A CRL is issued by the FDA when the review of a file is completed and questions remain that preclude the approval of the NDA in its current form. The FDA has requested additional information and recommended that an additional clinical trial be conducted in order to consider a future approval of voclosporin for this indication.
"We will continue to work closely with the FDA to gain US regulatory approval for voclosporin, which we believe could offer an important new treatment option for patients with this serious disease," stated Dean Mitchell, President & Chief Executive Officer of Lux Biosciences. "Our confidence in the benefit/risk profile is based on the results of the LX211-01 trial which demonstrated clinically meaningful efficacy with tolerable side effects."

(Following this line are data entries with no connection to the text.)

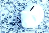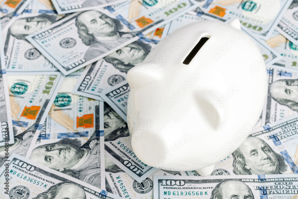 A white piggy bank stands on pile of hundred dollar bills. Wealth and prosperity concept
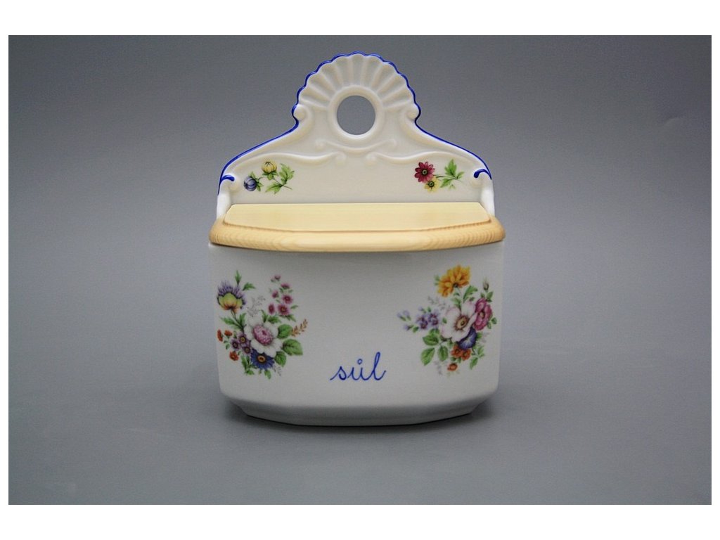 Praktische Salzdose mit Holzdeckel zum Aufhängen, gefertigt aus böhmischem Markenporzellan von höchster Qualität.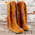 damskie buty kowbojskie w stylu western – zabytkowe buty sięgające do kolan, z ćwiekami, turkusową klamrą i sznurowadłami, idealne na rodeo i do stylu rustykalnego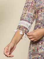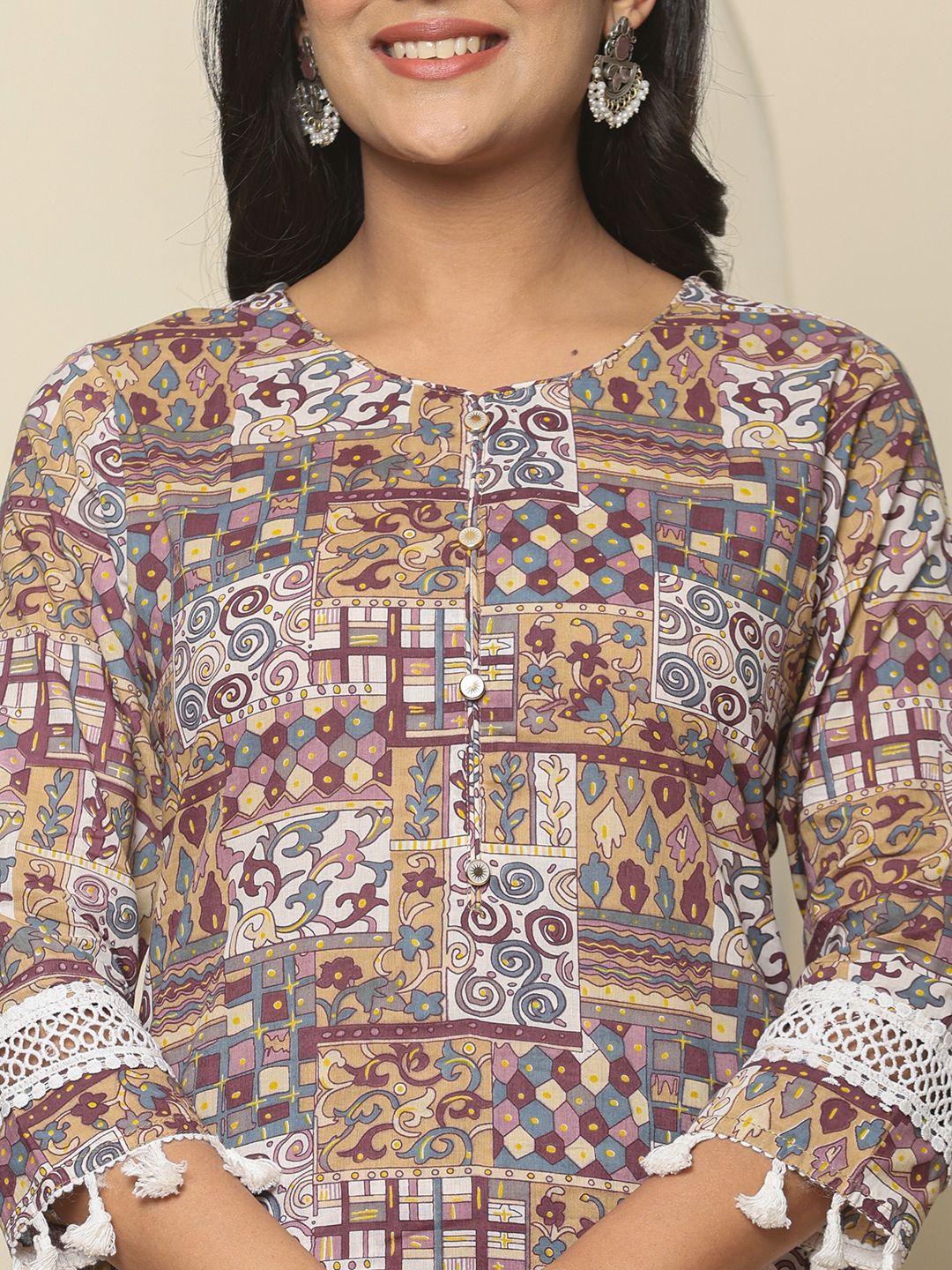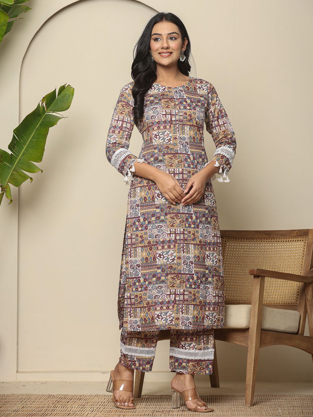 Beige Geometric Print Straight kurta Trouser Dupatta Set,Kurta Design Geometric,Lace Work Straight Shape Three quarter Regular Sleeves Round-Neck Calf Length Kurta Straight Hem Cotton Machine Weave Fabric Trouser Design: Printed one pocket Pure Cotton Trouser Slip-On Waist Size & Fit Material & Care Pure Cotton Dry Clean

"Lux's Board of Directors is supportive of our starting the additional trial," continued Mr. Mitchell. "At the same time, the European Medicines Agency review of the Marketing Authorization Application for voclosporin remains on course for completion in the first quarter of 2011."
"Although we are faced with a delay, I am delighted and encouraged that the Board of Directors and Management of Lux are fully prepared to rapidly initiate recruitment of the additional clinical study required to complete the submission to the FDA," stated Dr. Robert Foster, President & CEO of Isotechnika Pharma."